From the preceding code, we can see that we can access the enum data by using an integer value. However, we have to cast the int value so that it can fit the enum data by using static_cast<>, which is shown as follows:

int iSuit = GenerateRandomNumber(0, 3);
int iElement = GenerateRandomNumber(0, 12);

CardSuits suit = static_cast<CardSuits>(iSuit);
CardElements element = static_cast<CardElements>(iElement);

If we build and run the code, we will get the following console output:

Another advanced data type we have in C++ is structs. It is an aggregate data type which groups multiple individual variables together.

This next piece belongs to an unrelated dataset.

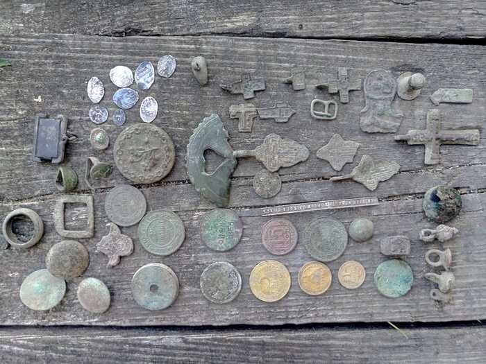 К чему такое подробное вступление? А, вы только представьте на минуточку - сколько людей приходило на ярмарки? Даже небольшие сельские рынки в день могло посетить несколько сотен человек. Сколько денег теряли под хмельными парами. Сколько прятали кошельков, не рискуя с деньгами подвыпившими засыпать в чистом поле. Сколько слетало крестиков и украшений во время танцев и хороводов. Сколько денег теряли в процессе кулачных боев? Поэтому найти подобное место, пусть и местного значения, для кладоискателя очень большая удача. Лет 5-ть назад мне повезло побывать на таком почти не тронутом месте. Находок было очень много! Одних пуговиц было собрано более 50-ти штук!

From the preceding code, we have the suit and element variables that can be grouped as follows:

struct Cards
{
    CardSuits suit;
    CardElements element;
};

If we add the preceding struct to our preceding Enum.cbp code, we just need to refactor the main() function as follows:

int main()
{
    // set initial seed value to system clock
    srand(static_cast<unsigned int>(time(0)));

    Cards card;
    card.suit = static_cast<CardSuits>(
        GenerateRandomNumber(0, 3));
    card.element = static_cast<CardElements>(
        GenerateRandomNumber(0, 12));

    cout << "Your card is ";
    cout << GetElementString(card.element);
    cout << " of " << GetSuitString(card.suit) << endl;

    return 0;
}

If we run the preceding code (you can find the code as Struct.cbp in the repository), we will get the same output as Enum.cbp.